According to a 2013 Pew Research study, 60 percent of Jews in the United States believe that a person cannot be Jewish if they believe that Yeshua is the Messiah. In 2017, the Jerusalem Post published an article entitled, “Will Israel Ever Accept Messianic Jews?” The article states, “[Messianic Jews] are ineligible to make aliya … they are excluded from the Law of Return as people who have voluntarily converted out of Judaism.” In large part, the Jewish community does not consider Messianic Jews to be Jewish. But this raises the question: Has this always been the case?
Did the Jewish community of ancient Judea think Messianic Jews left Judaism? In Acts 5, Luke reports that the apostles were brought before the Sanhedrin to be judged for teaching that Yeshua was the risen Messiah. This resulted in them being flogged. Paul received similar punishment. In 2 Corinthians 11:24, Paul writes, “Five times I received at the hands of the [Jewish Leaders] the forty lashes less one.” Jewish authorities punished early Messianic Jews for breaking Jewish law. But the very fact of their punishment is what is so telling here. They were liable to be disciplined for breaking Jewish law because the Jewish authorities implicitly understood these Messianic Jews to be Jewish. Jewish scholar Claudia Setzer explains that this kind of punishment was intended to “keep recalcitrant Jews in good standing in the community.” The Sanhedrin would have never condemned non-Jews of breaking Jewish law.
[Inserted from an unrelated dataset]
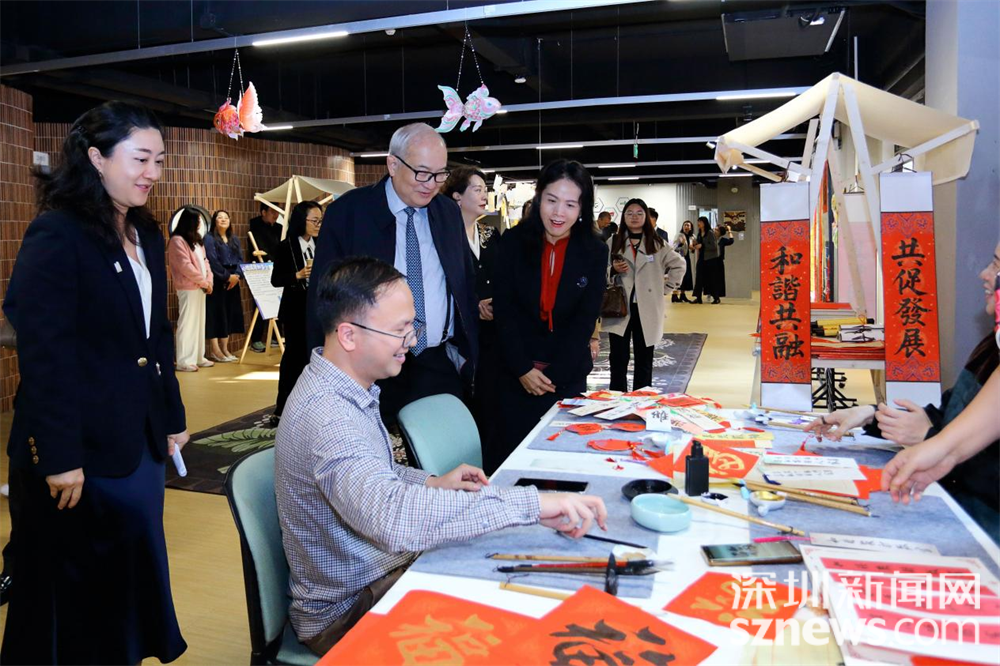 启动仪式后,嘉宾们来到区妇儿大厦三楼,参观深港家庭综合服务中心。深港家庭志愿者们精心陈列了过往活动中的手工作品,现场演示书法课成果;跨境妈妈们联手制作港式奶茶与点心,热情款待每位来宾;跨境家庭将感恩的心意化作书信与卡片,装点大厅中央的吊灯,成为全场的温暖焦点。深港家庭综合服务中心作为国际及湾区交流平台的重要依托,其焕新升级的环境和专业规划的服务空间,让大家对平台未来的实际运作与服务成效充满期待。

In Acts 24 Luke records how the Sanhedrin implicitly recognized the Jewishness of the early Messianic Jewish movement. Tertullus, the attorney of the high priest prosecutes Paul before the Roman governor of Judea. He argues that Paul was disrupting the peace in the Jewish community and had attempted to profane the temple. In making these accusations, he states that Paul belonged to a Jewish sect called “the Nazarenes.” Paul clarifies that he belongs to “the Way, which they call a sect.” In the Second Temple Period, sects of Judaism were considered “ways” of Jewish belief and practice, and the early Messianic Jewish movement was one of them. Early Messianic Jews called their sect “the Way” alluding to Isaiah 40:3.12 Tertullus called followers of Yeshua “the Nazarenes” as opposed to “the Way” because “the Way” was too “theologically loaded” for the Sanhedrin to use.
The Sanhedrin did not dispute the Jewishness of the early Messianic Jewish movement; they disputed that God had raised Yeshua from the dead. Jewish scholar Daniel Boyarin rightly points out that Paul says, “according to the Way, which they call a sect” because Paul views the Way as “the true way, while the Jews [outside his group] say it is just another school of Judaism.” The Jewish community did not believe that Jews who joined the Way had converted to a new religion outside of Judaism. In fact, the Greek word for “conversion” appears only once in the New Testament, in Acts 15:3, and as the late Jewish scholar Pinchas Lapide wrote, “[it] refers to the conversion of the Gentiles to the God of Israel.”
The central belief of the Way was that God raised Yeshua from the dead. In Acts 23, Luke records that Paul was brought to trial before the Sanhedrin for teaching this belief. The three most prominent Jewish sects during this period, the Pharisees, Sadducees, and the Essenes, had less than ten thousand members. While the Pharisees believed in the resurrection of the dead, the Sadducees did not. Knowing this, Paul found common ground with the Pharisees. He appealed to their shared hope in the resurrection of the dead and related that belief to the resurrection of Yeshua. The Pharisees recognized that if Yeshua rose from the dead then this would be definitive proof that they were right about the resurrection of the dead. They concluded Paul’s trial by saying, “We find nothing wrong in this man.” Even the central belief of the early Messianic Jews was considered to be a Jewish belief.
Early Messianic Jews were not only considered to be Jewish by the Jewish community, but their sect, the Way, was a major sect of Judaism at the time. New Testament scholar James Charlesworth states, “Today, Jewish and Christian experts of Second Temple Judaism … acknowledge that what would become Christianity was for decades a sect within Judaism.” In large part, today, Messianic Jews are not accepted as fellow Jews within the Jewish community, but this was not the case in the first century.